Okay, I exited X and from a tty did rmmod radeon. It produced the same error in dmesg than it does on 3.13, see attached file...

Then with modprobe radeon I got the GPU lockup CP stall for more than 10000msec, but interestingly only once and then it worked.

The radeon gpu was at DynOff then.

As soon as I started X, the gpu was powered on to DynPwr again. Not even configured as provideroffloadsink or so, just the X startup and presumably hardware detection powered it up and it does not go back to DynOff.

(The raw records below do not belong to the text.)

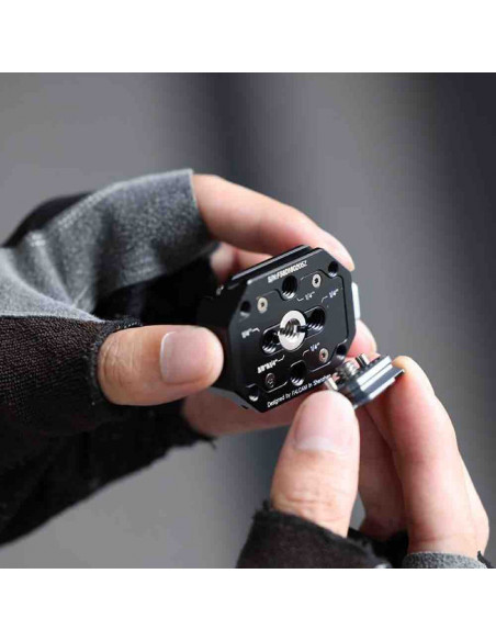 Easy and fast Arca type mounting The Falcam F38 Multi hole Quick Release Kit is a camera mounting system with a quick one button release and Arca type compatibility. It consists of a Falcam F38 Multi Thread Quick Release Base and F38 Nonslip Quick Release Plate. Highlights Made of aluminium Compatible with various connectors Quick mounting Falcam F38 Multi Thread Quick Release Base Experience easy and quick mounting of your camera or accessory with the Falcam F38 Multi Thread Quick Release Base and separately available Arca type plate. The base is made of aluminium and features a one button release so you can quickly attach or detach the accessory or camera. It also features multiple 1/4" 20 threads and can be used with accessories from Falcam's F38 Quick Release System. Falcam F38 Nonslip Quick Release Plate Use the Falcam F38 Nonslip Quick Release Plate to achieve a quick transition between support devices with just one push on the button. It is designed to use with Falcam's F38 Quick Release accessories and other Arca type base plates. Non slip rubber protects your mounted product and the plate includes a 1/4" 20 screw with lock washer., Model: F38B3404 Black colour Made of aluminium Measures 53.4 x 38 x 20.8 mm Weighs a net 51.7 grams 2 year warranty , 1 x F38 Non slip Quick Release Plate 1 x F38 Multi hole Quick Release Base 1 x 1/4" 20 screw 1 x 3/8" 16 screw 1 x Hex key 1 x Locking nylon washer 1 x Locking stainless steel washer
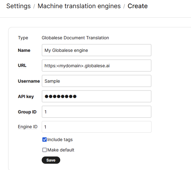 Group ID: the group ID of the engine. The group ID can be retrieved in globalese by memoQ from the engine overview page.
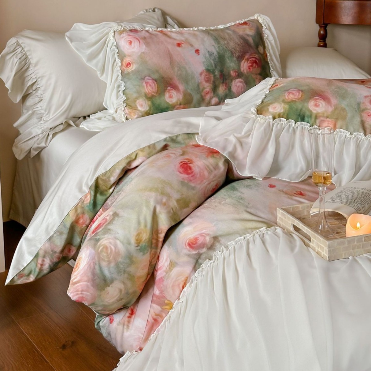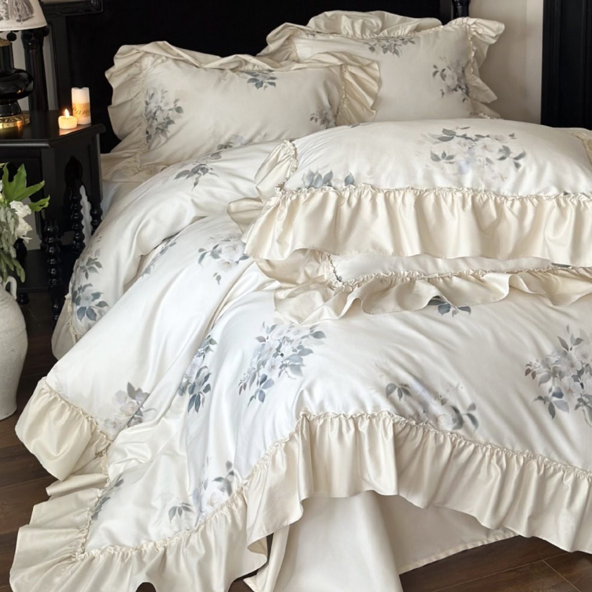 秋冬のフレンチコーデュロイ120s綿研磨プリント四点セットのしわレースのロマンチックな少女感ベッド用品

But again, knowing that runpm itself works without errors is encouraging.
Comment 8 Christoph Haag 2013-12-24 15:45:59 UTC
Created attachment 119501 [details]
rc5 with starting X (~line 1811) and trying to render something

rc5 with these patches now: http://lists.freedesktop.org/archives/dri-devel/2013-December/050902.html

I'm not sure what I can do more without getting into trying to debug kernel code of which I know nothing...

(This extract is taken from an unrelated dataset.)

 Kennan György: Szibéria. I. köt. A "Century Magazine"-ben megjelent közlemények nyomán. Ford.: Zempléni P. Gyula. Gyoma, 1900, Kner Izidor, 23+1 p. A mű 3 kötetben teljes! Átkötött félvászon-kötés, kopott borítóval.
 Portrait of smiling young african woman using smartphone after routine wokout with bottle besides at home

Not really a change with rc5, but I think when starting X the lockups go away (not really sure). When trying to render something with DRI_PRIME=1 however, it locks up a bit harder and can't recover apparently because when trying to start another opengl program, it'll just segfault.

rmmod radeon still creates problems that lock up the cpus and prevent proper rebooting etc.




With runpm=0 it's not really good either at the moment. For example the Distance alpha causes a lockup too and after that lockup glxgears says

$ DRI_PRIME=1 glxgears -info
radeon: Failed to allocate virtual address for buffer:
radeon:    size      : 4352 bytes
radeon:    alignment : 4096 bytes
radeon:    domains   : 4
radeon:    va        : 0x0000000000800000
radeon: Failed to allocate virtual address for buffer:
radeon:    size      : 4352 bytes
radeon:    alignment : 4096 bytes
radeon:    domains   : 4
radeon:    va        : 0x0000000000800000
[1]    2915 segmentation fault (core dumped)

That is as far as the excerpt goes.